• **Exercise prompt**
Your answer must be the full listing below, repeated exactly, with no pictures in it.

• **Source material**
»»
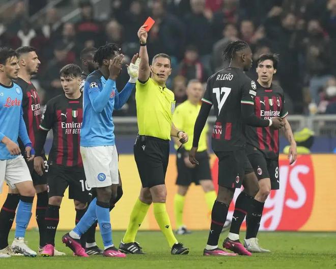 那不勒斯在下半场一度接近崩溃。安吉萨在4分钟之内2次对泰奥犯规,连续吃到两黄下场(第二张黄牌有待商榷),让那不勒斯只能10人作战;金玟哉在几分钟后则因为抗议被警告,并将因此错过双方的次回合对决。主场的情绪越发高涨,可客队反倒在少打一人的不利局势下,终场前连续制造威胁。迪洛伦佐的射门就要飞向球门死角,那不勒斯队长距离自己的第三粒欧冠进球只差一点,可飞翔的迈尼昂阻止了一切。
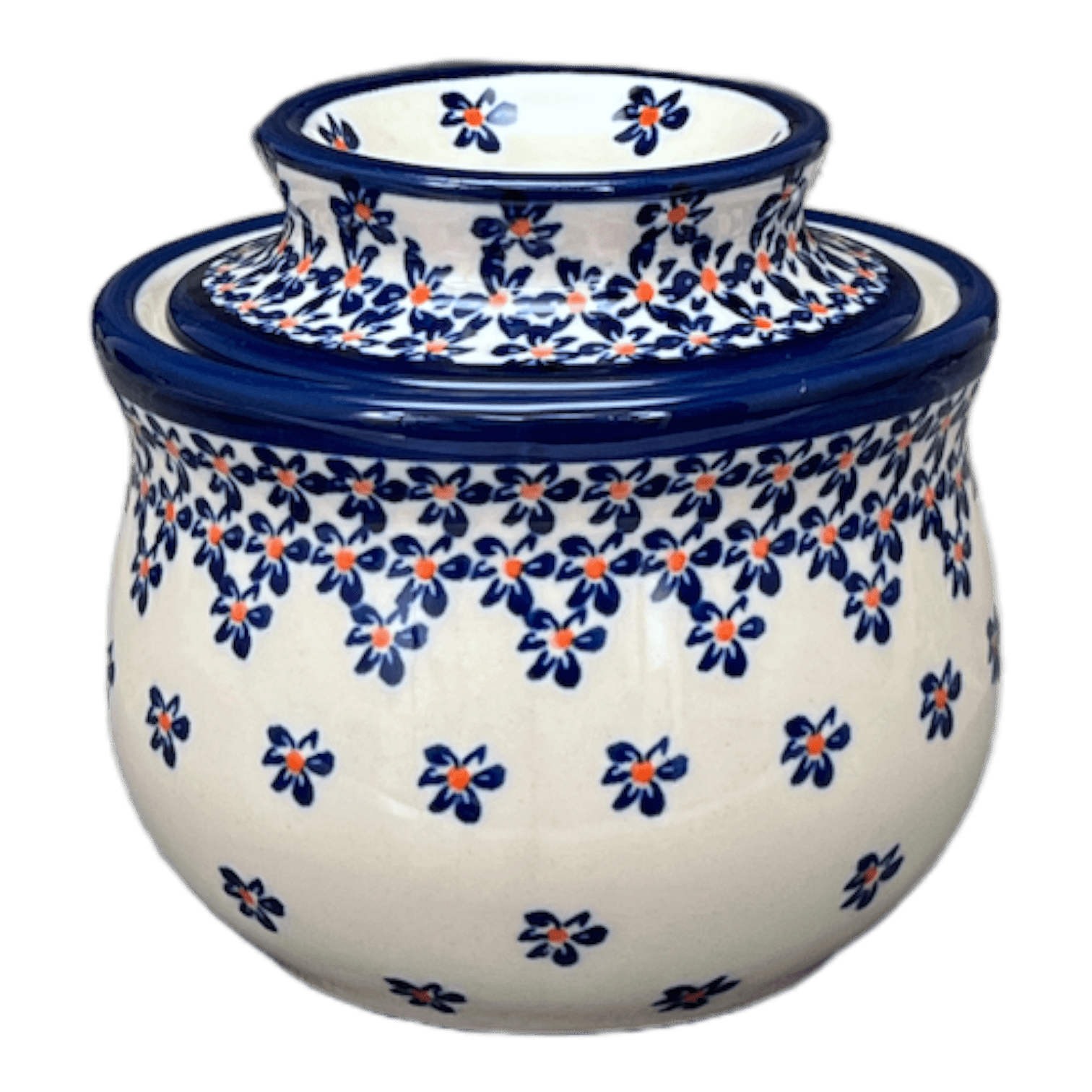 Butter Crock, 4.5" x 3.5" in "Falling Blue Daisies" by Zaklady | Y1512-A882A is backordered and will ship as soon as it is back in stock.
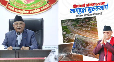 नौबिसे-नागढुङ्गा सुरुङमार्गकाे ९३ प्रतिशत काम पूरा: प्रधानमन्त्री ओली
««
• **Task result**
 那不勒斯在下半场一度接近崩溃。安吉萨在4分钟之内2次对泰奥犯规,连续吃到两黄下场(第二张黄牌有待商榷),让那不勒斯只能10人作战;金玟哉在几分钟后则因为抗议被警告,并将因此错过双方的次回合对决。主场的情绪越发高涨,可客队反倒在少打一人的不利局势下,终场前连续制造威胁。迪洛伦佐的射门就要飞向球门死角,那不勒斯队长距离自己的第三粒欧冠进球只差一点,可飞翔的迈尼昂阻止了一切。
 Butter Crock, 4.5" x 3.5" in "Falling Blue Daisies" by Zaklady | Y1512-A882A is backordered and will ship as soon as it is back in stock.
 नौबिसे-नागढुङ्गा सुरुङमार्गकाे ९३ प्रतिशत काम पूरा: प्रधानमन्त्री ओली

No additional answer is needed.